**The problem**
Print this span of the material below exactly: the line with "常州中碩中標(biāo)通知書(shū)", the line with "桐庐县规划和自然资源局临时改变用途缴纳收益金项目公示", and every line between them, but nothing else.

**Data extracts**

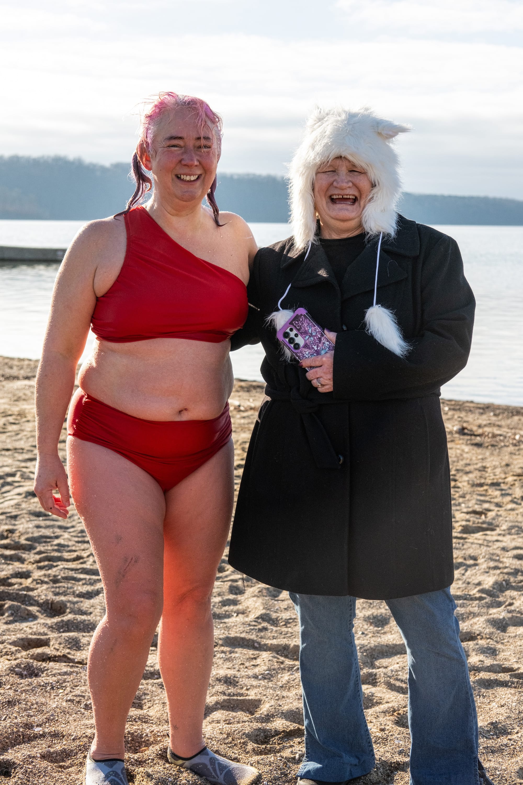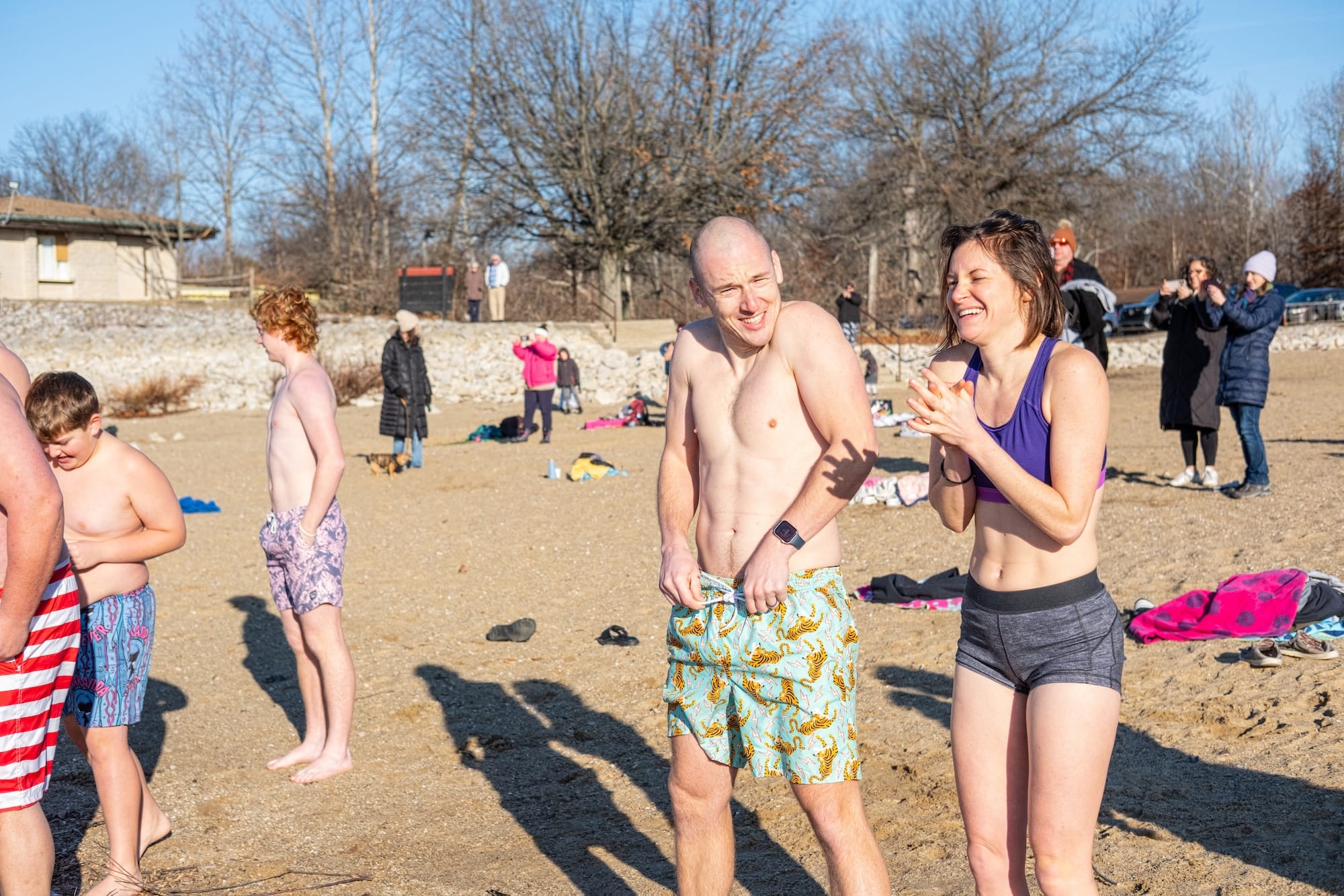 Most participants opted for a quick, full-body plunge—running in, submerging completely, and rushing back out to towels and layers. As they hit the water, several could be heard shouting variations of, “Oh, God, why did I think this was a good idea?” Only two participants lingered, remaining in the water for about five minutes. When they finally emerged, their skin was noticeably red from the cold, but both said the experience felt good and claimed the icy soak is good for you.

* * *

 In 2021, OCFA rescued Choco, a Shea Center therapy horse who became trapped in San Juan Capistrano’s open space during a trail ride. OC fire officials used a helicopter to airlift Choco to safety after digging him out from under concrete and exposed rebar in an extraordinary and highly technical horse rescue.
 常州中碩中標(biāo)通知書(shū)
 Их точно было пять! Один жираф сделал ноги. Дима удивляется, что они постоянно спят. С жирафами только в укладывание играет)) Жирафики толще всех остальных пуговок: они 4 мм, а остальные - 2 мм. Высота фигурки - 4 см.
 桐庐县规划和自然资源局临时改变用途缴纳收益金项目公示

---

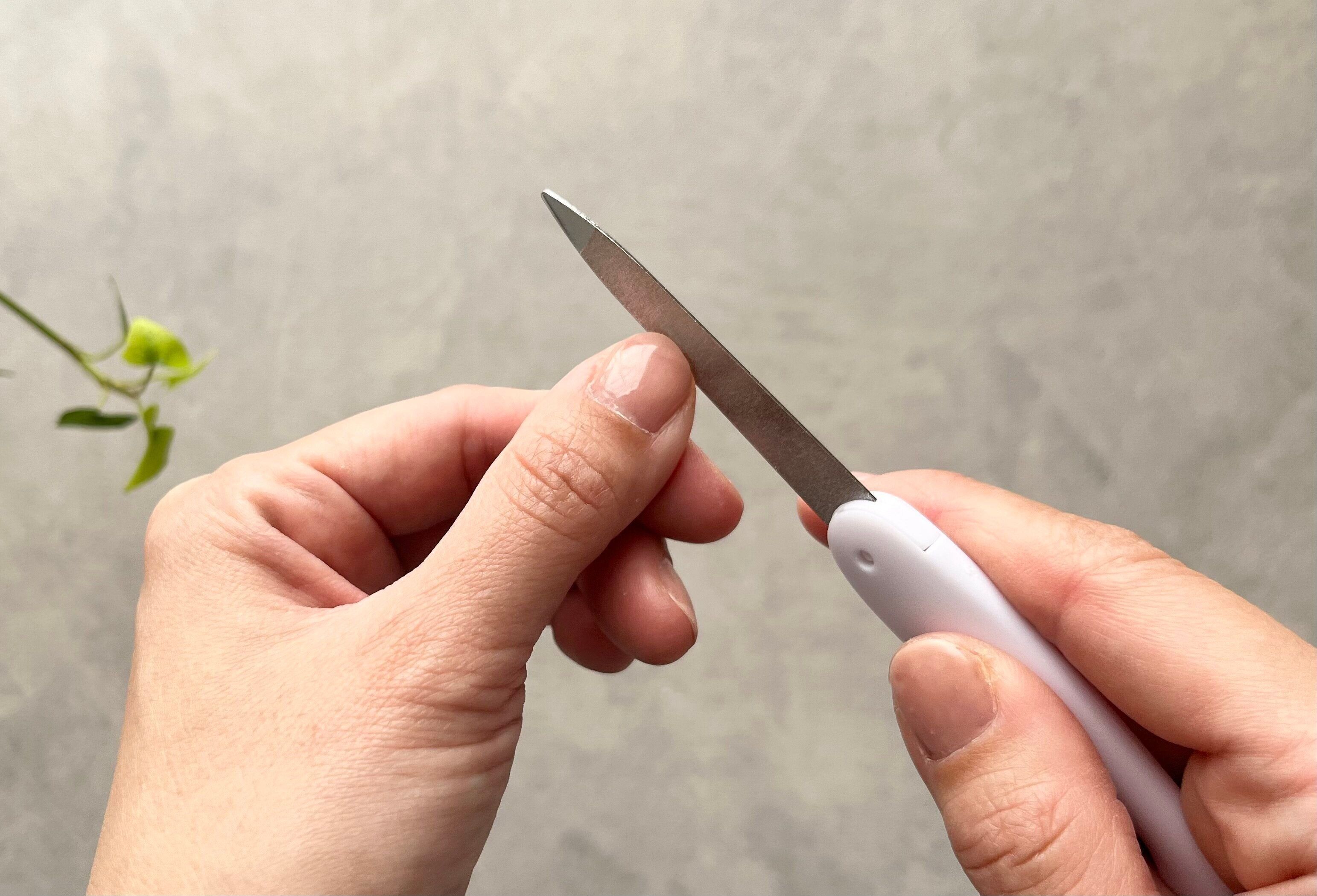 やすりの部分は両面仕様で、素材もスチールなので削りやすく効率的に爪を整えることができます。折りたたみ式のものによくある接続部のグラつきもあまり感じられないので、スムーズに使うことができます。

**Problem solution**
 常州中碩中標(biāo)通知書(shū)
 Их точно было пять! Один жираф сделал ноги. Дима удивляется, что они постоянно спят. С жирафами только в укладывание играет)) Жирафики толще всех остальных пуговок: они 4 мм, а остальные - 2 мм. Высота фигурки - 4 см.
 桐庐县规划和自然资源局临时改变用途缴纳收益金项目公示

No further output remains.